A quick check shows that I'm not doing too badly so far, the real test will be in a surface plate, i hope some day i will get one of those jajaj if not all this effort will be useless jaja but at least has been fun..






and we're almost ready!, a few pieces left and is finished












in the first time i was thinking to use silver steel for the scriber, and make a heat treatment to gain strength, but i dont have a torch or something to heat the thing, and considering that i never have made a heat treatment before i just consider using a ordinary ground square hss tool bit, and grinder to shape

I should go for the hardered silver steel or the ordinary hss bit for the scriber tip?

what do you think?

well thats for now, thanks for looking this all the way, as soon i get some advance i will post

merry christmas and happy new year for all!

Saludos


----------



## ozzie46 (Dec 27, 2010)

Anko, I made one using a digital caliper and just used a small HSS cutting bit as a scriber.
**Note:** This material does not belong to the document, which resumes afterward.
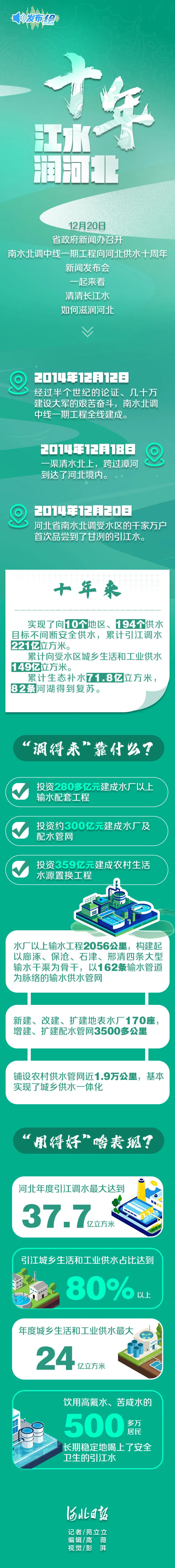 从12月20日省政府新闻办召开的南水北调中线一期工程向河北供水十周年新闻发布会上获悉,十年来,我省累计引江调水221亿立方米,其中年度引江调水最大达37.7亿立方米,超全省65座大中型水库的多年平均蓄水量。奔流不息的南水,极大改善了我省水资源严重短缺的状况,有力支撑了全省经济社会发展,显著提升了河湖水生态环境。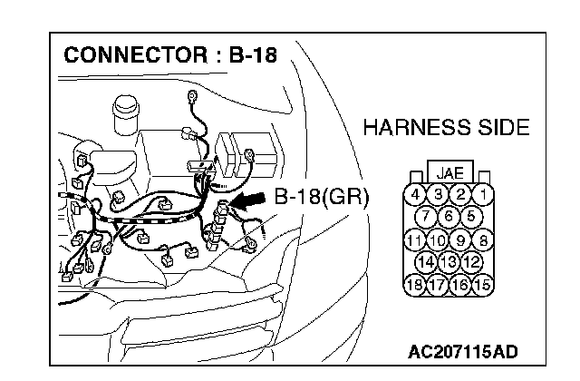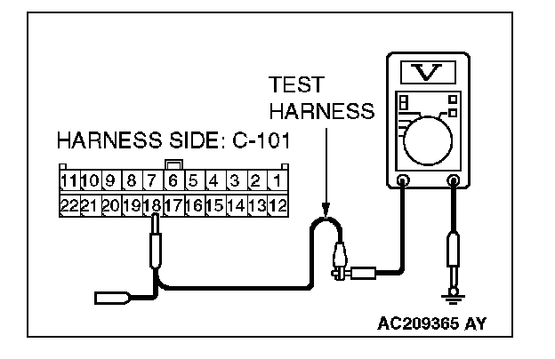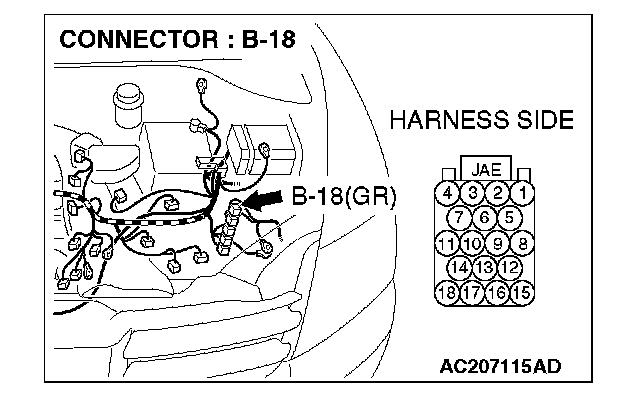3. Measure the voltage between joint connector (4) terminal 18 and body ground.

Its worked fine.

 Ron


----------



## Anko (Jan 5, 2011)

well, almost finished!!! 8)

i just finished the remaining pieces of the heigth gauge, then made the scriber out of hss and make a test assembly to see if its works

first, the makeout of the L shape piece:







i found that put a L shaped piece on the vise for machining is very dificult, i have made a very weird setup to solve the problem ajaja:
















finally, made the scriber and put all together and made some test:





















in my computer desk the results of the test in the 1-2-3 block shows generally and error inside of the +/- 0.06 mm range, sometimes +/-0.1 mm and i cant get a repetitive 0 reading, its change everytime i move the theinstrument around the table, the surface obiusly is not flat and have lots of jigs and irregular stuff

i will start looking for some surface plate alternative solution, in the meanwhile i still need to machine the piece that will allow me to clamp a dial indicator.

hope you like it

Saludos!


----------



## Royal Viking (Jan 9, 2011)

Very nice work. Whne I had made home made tools they were functional (I have not made many). Yours looks well made. Congratulations.


----------



## Anko (Jan 22, 2011)

hi to all

these are the last photos of this proyect!

i buy a 60x60 cm porcelanate (i dont know how its called in english, is that square stuff for floor) to use it as a economic surface table, its work good, but its flex a little because is very thin, i measure a 0.07 mm of flex range

anyway the height gauge works good, i still need a cople of repetitions to get acurate measurements but to be the first thing thati made seriously im very satisfaced ;D











i made a wood case too











Saludos!


----------



## dsquire (Jan 22, 2011)

Anko

You have made a beautiful instrument there. The wood storage case definitely adds the finishing touch. A very professional looking tool. Well done. :bow: :bow:

Cheers 

Don


----------